In effetti era stato lo stesso Enea, nella sua perorazione, a sottolineare il suo status di progenie di Venere e a ricordare una serie di precedenti illustri. E cosí vengono menzionati Orfeo, Polluce, Teseo, Eracle. Sappiamo perché erano avvenute queste discese (per recuperare una moglie o un fratello perduti, nel caso di Orfeo e Polluce, per rapire la regina degli Inferi o Cerbero, nel caso di Teseo ed Eracle), sappiamo talora dove avevano avuto luogo, come nel caso di Orfeo ed Eracle, la cui katabasis era sovente collocata presso il Tenaro (in Laconia). Il particolare su cui siamo peggio informati è il come, ossia le modalità effettive con cui tale discesa era effettuata. Il silenzio delle fonti può dare l’impressione che tutto andasse proprio come diceva la Sibilla: scendere nell’Aldilà, insomma, non era difficile.

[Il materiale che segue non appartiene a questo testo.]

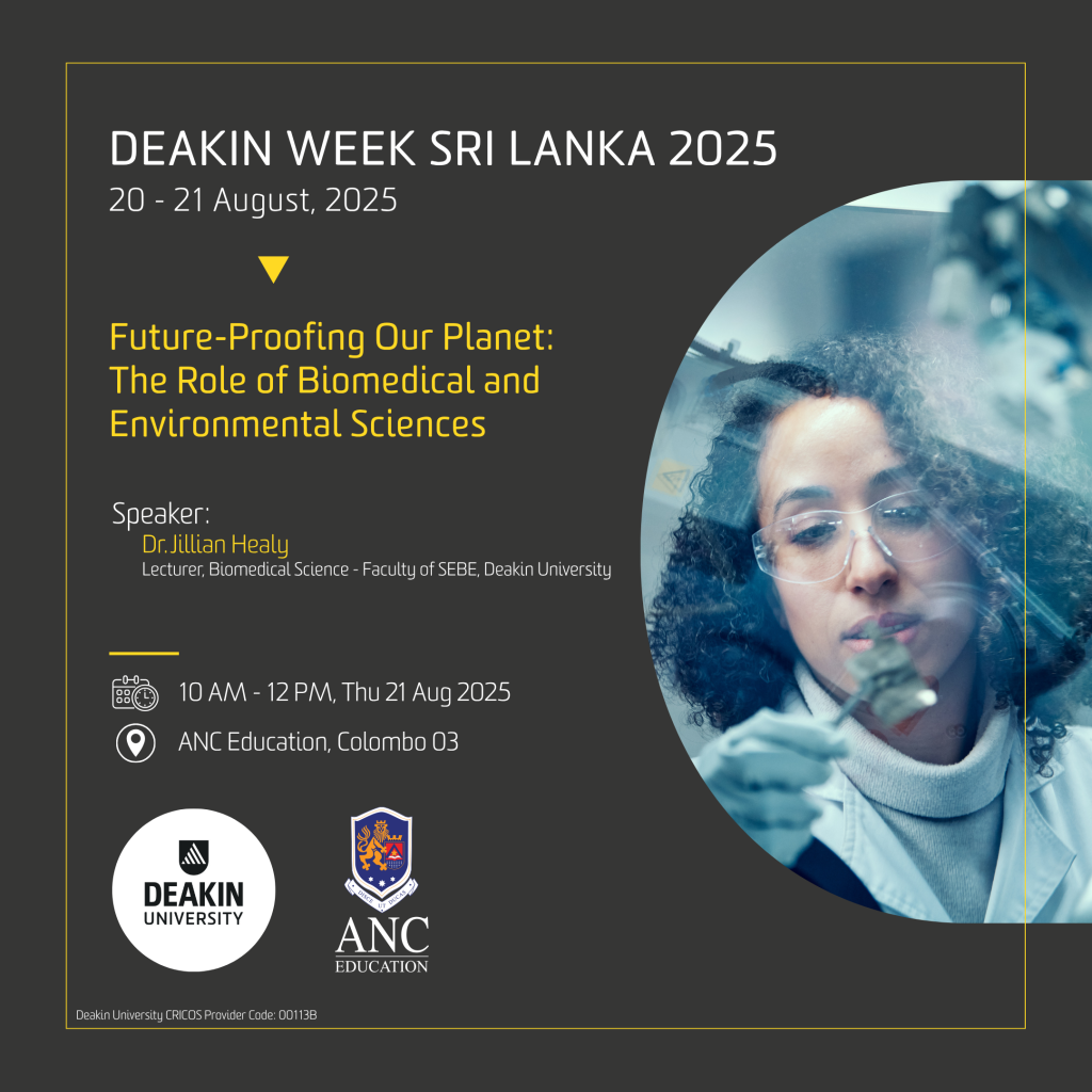 Join us for Deakin Week Sri Lanka 2025 at ANC Education, where Dr. Jillian Healy from Deakin University will lead an insightful session on “Future-Proofing Our Planet: The Role of Biomedical and Environmental Sciences.” This exclusive event, taking place on 21st August from 10 AM to 12 PM, is a must-attend for students passionate about sustainability, science, and global impact. Discover academic pathways and connect with a leading Australian university right here in Colombo.
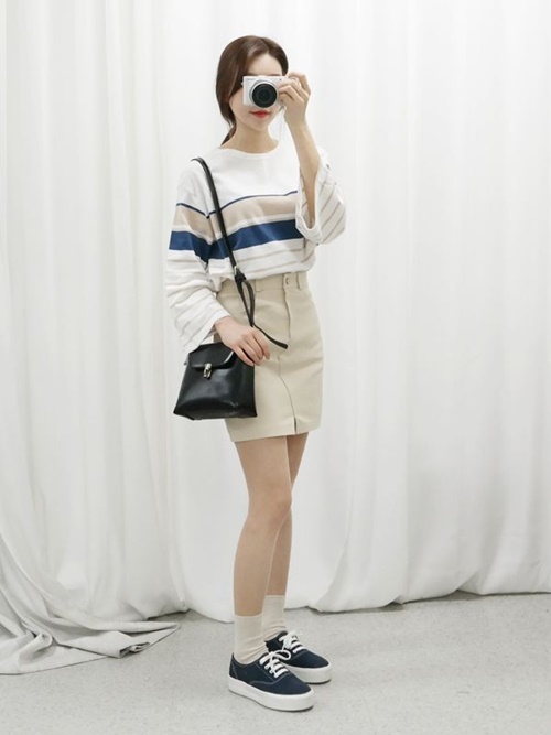 จะเห็นได้เลยว่าเสื้อลายขวางใส่ออกมาได้หลากหลายสุดๆ ไม่ว่าจะกระโปรงหรือกางเกงก็เข้ากัน ขอแอบกระชิบทริคเล็กๆ สำหรับสาวเจ้าเนื้อที่อยากจะใส่เสื้อลายขวางนะคะ แนะนำให้เลือกแบบลายถี่ๆ ยิ่งถี่เท่าไหร่ยิ่งดี เพราะจะช่วยพรางตาให้เราไม่ดูอวบไปกว่าเดิมนั่นเอง เห็นไหมค่ะว่าง่ายๆ แค่นี้ก็สามารถใส่เสื้อลายขวางไปไหนก็รอดแล้ว
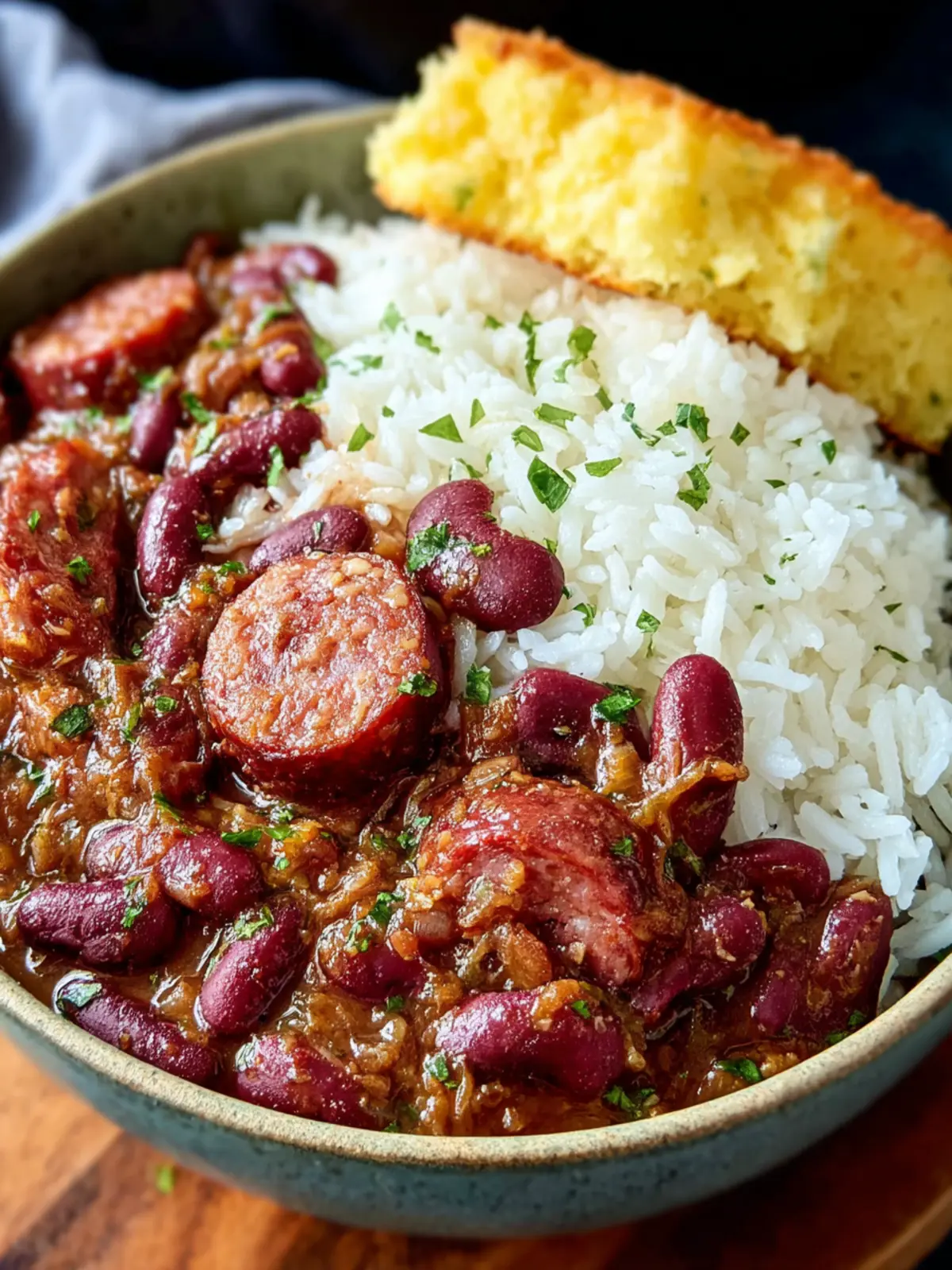In wrapping up this journey through the flavors of red beans and rice, it’s clear that this dish is more than just a meal—it’s an experience that warms the heart and soul. The blend of creamy red beans and smoky sausage, simmered to perfection, creates a harmony of flavors that’s both comforting and satisfying. Whether you’re preparing this for a casual weeknight dinner or a gathering with friends, its simplicity and robust taste make it a go-to recipe. Embrace the culinary tradition and share this delightful dish with those you love, creating memories with each bite.

In realtà non sempre era cosí, per un vivente che volesse recarsi nel regno dei morti. È la stessa Sibilla a invitare Enea a munirsi del mistico «lasciapassare» che avrebbe dovuto garantirgli l’accesso all’Ade, quello sfuggente ramo d’oro consacrato a Proserpina che, forse connesso a rituali d’iniziazione orfico-pitagorici, e forse da identificare con il vischio, è stato immortalato anche nel titolo del Ramo d’oro di James Frazer, opera fondante, se non dell’antropologia tout court, almeno dell’antropologia del mondo antico. E i rituali non si arrestavano qui: prima di scendere nella «profonda spelonca, immensa per la vasta apertura», Enea deve sacrificare alle divinità infernali vittime di pelo nero. Infine, una volta varcato lo Stige sulla barca di Caronte, è la stessa Sibilla, guida e scorta di Enea come Virgilio lo sarà di Dante, a gettare al furente Cerbero un’offa soporifera, un impasto di farina, miele e semi di papavero che lo fa accasciare privo di sensi.

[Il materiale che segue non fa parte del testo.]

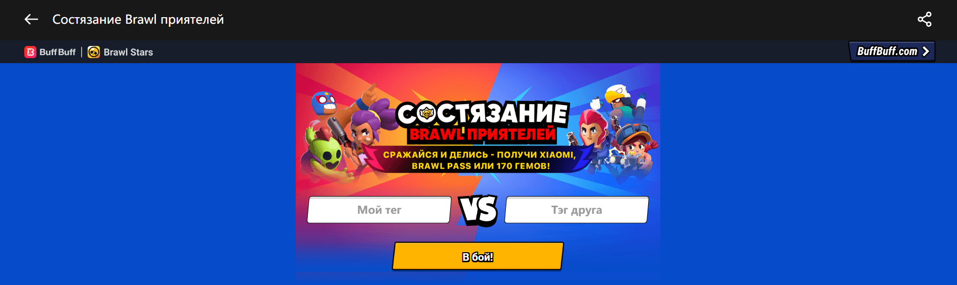 Чтобы отпраздновать обновление Brawl Stars, Buff проводит эксклюзивное событие! Объединяйся с друзьями и сражайся в матчах или дуэлях 1 на 1. Проверь, кто доминирует в твоей дружеской группе Brawl Stars!
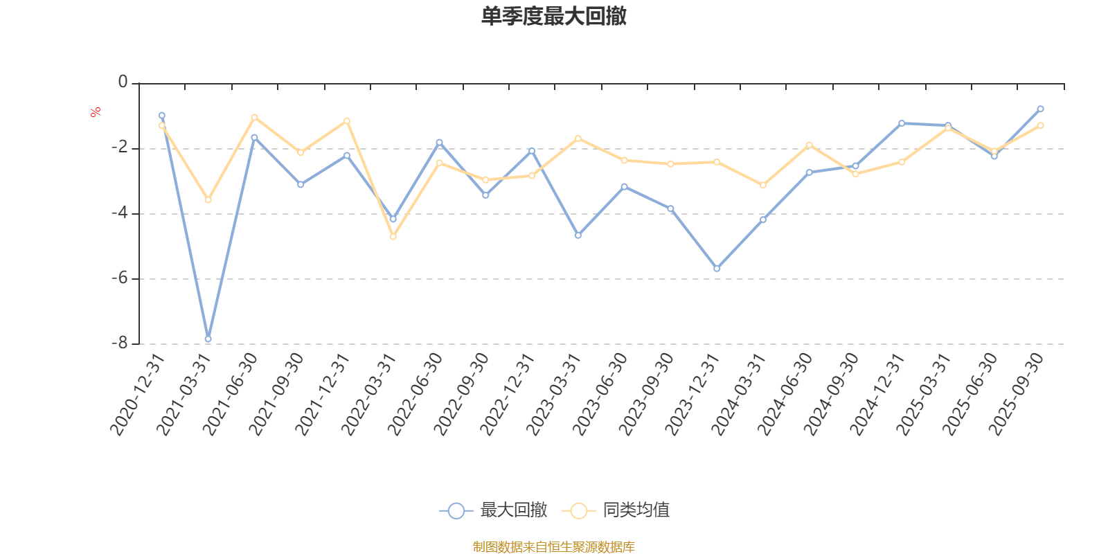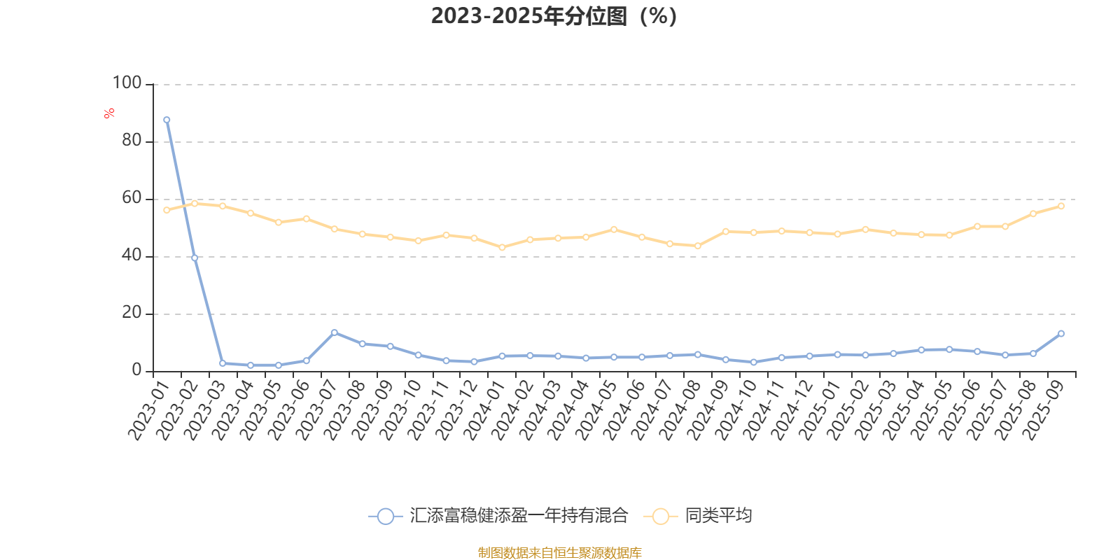 通过所选区间该基金净值增长率分位图,可以观察该基金与同类基金业绩比较情况。图为坐标原点到区间内某时点的净值增长率在同类基金中的分位数。
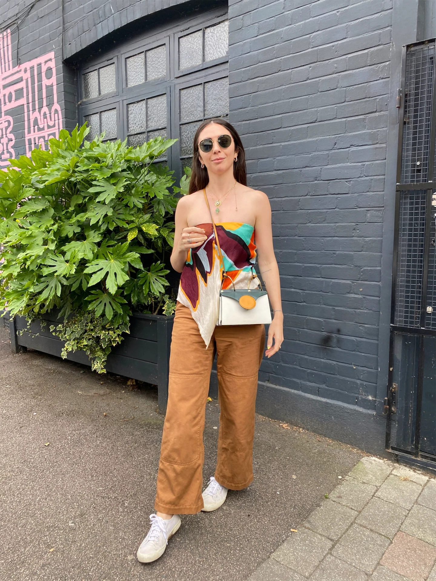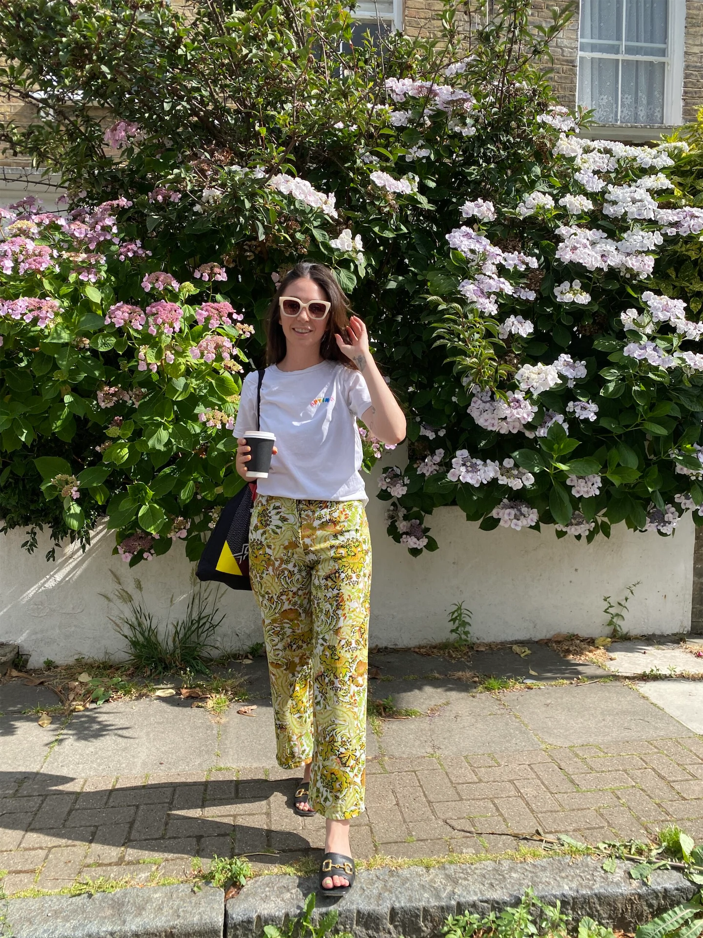 Today is a studio day so I’m keeping it quite comfortable. There’s an event on in a few days and there will be deliveries today. These trousers, which are from Dries Van Noten – I got them on sale from Net-A-Porter earlier this year – have a bit of elastane in them so while I think they’re semi-smart, I can also bend down to pick up parcels and boxes! I paired it with the ‘Optimist’ t-shirt from Birdsong and Gucci slides. Sunnies are from Jimmy Fairly – they’ve been around a while but I’ve only recently discovered them and I think they have such fun frames. My bag is a tote… I genuinely think I have over 30 totes! This one is from the barre studio, Frame, which is a lovely class studio if you ever visit London!
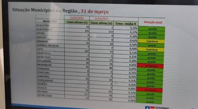 A cidade de Alagoinhas está entre os município da região que apresentam diminuição do número de infectados pela covid-19. O site News Infoco teve acesso à planilha da Secretaria Estadual de Saúde que avalia o avanço da doença no...

Per chi non se la sentisse di intraprendere da vivo la «discesa all’Averno» per interrogare i defunti, c’erano però alcune «scorciatoie». Una soluzione di mezzo è quella che Silio Italico, poeta erudito innamorato di Virgilio e Omero, sceglie per far sí che anche il suo Scipione l’Africano, protagonista delle fluviali Puniche, possa sperimentare una visione degli Inferi pur senza scendervi fisicamente. E cosí il giovane condottiero si reca a interrogare la sacerdotessa di Apollo presso il lago Averno, proprio come Enea, ma riceve da questa il consiglio di mettere in atto una inquietante cerimonia notturna, versando in una fossa il sangue degli animali sacrificali per attirare le ombre, in maniera analoga a quanto avveniva nell’Odissea. Sarà l’antica Sibilla ad agire come una sorta di regista, illustrando il «regno che non andrebbe cercato» e facendo sfilare davanti agli occhi di Scipione parenti defunti (a partire dalla madre, che gli rivela il segreto della sua nascita) e grandi uomini, tra i quali Alessandro Magno e Omero – senza dimenticare, naturalmente, una rapida carrellata di crudeli pene infernali.

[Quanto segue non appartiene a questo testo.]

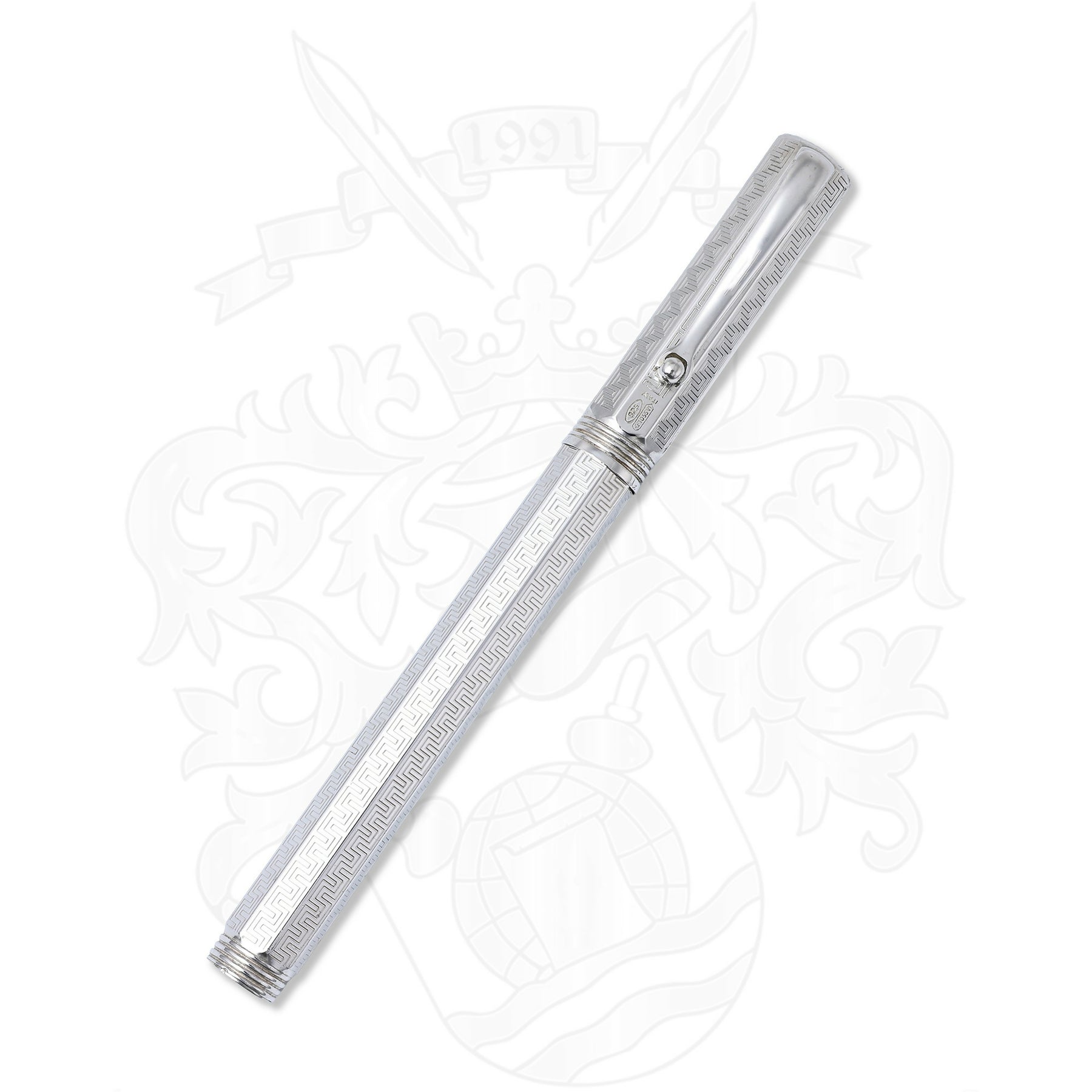 The Reminiscence pen is internationally acknowledged for its exceptional detail and luxurious materials. Its body is constructed of 925 sterling silver—and features fine, etched Montegrappa Greek fretwork. The writing experience is perfected with an 18k gold nib in an Extra Fine (F) size.
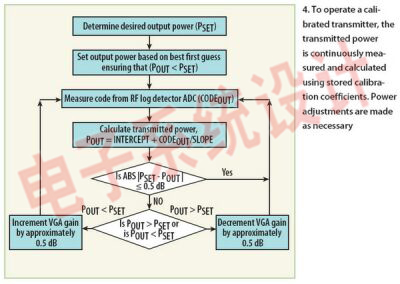圖4 表示了校準之后,在發(fā)射機中精確設(shè)定功率的流程圖。在這個例子中,其目標(biāo)就是要有一個發(fā)射功率誤差,其小于或等于±0.5 dB。最初,在最佳優(yōu)先推測的基礎(chǔ)上來設(shè)定輸出功率水平。接下來,對該檢測器的ADC進行采樣。從存儲器取回SLOPE和INTERCEPT的值,并且計算所發(fā)射的輸出功率水平。如果輸出功率不在設(shè)定功率水平PSET的±0.5 dB之內(nèi),使用電壓可變衰減器(VVA)增加或減少輸出功率大約0.5 dB。在這里使用術(shù)語“大約”是因為有可能VVA本身具有非線性傳輸函數(shù)。再次測量發(fā)射功率,并進一步增加功率,直到發(fā)射功率誤差小于±0.5 dB。一旦功率水平在容差之內(nèi),進行持續(xù)監(jiān)測,并且如果有必要的話,要進行調(diào)整(例如,如果信號鏈中的一個組分隨溫度有顯著的增益漂移)。

In qualche caso, peraltro, la realtà poteva essere molto piú impressionante dell’immaginazione poetica. A Lebadea (in Beozia) si poteva interrogare l’oracolo di Trofonio, un figlio di Apollo che era stato inghiottito dalla terra. Sappiamo che si trattava di un’esperienza veramente sconvolgente. Coloro che affrontavano il rituale erano obbligati a scendere in un budello sotterraneo, nell’oscurità piú totale: un’esperienza traumatica che somigliava in maniera terribile a essere sepolti vivi. Plutarco racconta della visione dell’Oltretomba che ne ricavò Timarco, un discepolo di Socrate; le notizie piú dettagliate provengono tuttavia da un testimone oculare, il viaggiatore Pausania, che nel suo «grand tour» della Grecia, nel II secolo d.C., affrontò quest’ordalia e decise di lasciarne una testimonianza. Chi voleva affrontare l’oracolo, in primo luogo, doveva trascorrere alcuni giorni di ritiro; per le sue abluzioni aveva a disposizione solo le acque gelide del fiume Ercina, che scorreva nei pressi, e la sua dieta era costituita soprattutto dalla carne delle vittime dei sacrifici, proveniente dal santuario. Come si vede, in questa preparazione alla discesa (katabasis) nel sottosuolo non c’è alcuna estenuazione, alcun digiuno mistico: al contrario, sembra piuttosto che si voglia irrobustire il postulante, prepararlo anche fisicamente alla difficile prova che lo attende. Giunta la notte destinata alla consultazione dell’oracolo, si usciva dalla città, si oltrepassava un bosco inerpicandosi su un’altura, ed ecco che, alla luce delle torce o della luna, compariva un basso recinto circolare di marmo bianco, sovrastato da una sorta di cancellata di bronzo. All’interno di questo spazio sacro si apriva una voragine che conduceva dentro la terra. Non si trattava di una cavità molto profonda, solo pochi metri, ma per scendere era comunque necessario che il postulante utilizzasse una scaletta che veniva portata appositamente. Una volta arrivati in fondo, ci si doveva sdraiare supini sul pavimento, infilando le gambe, fino alle ginocchia, in una fessura che si apriva tra la paret...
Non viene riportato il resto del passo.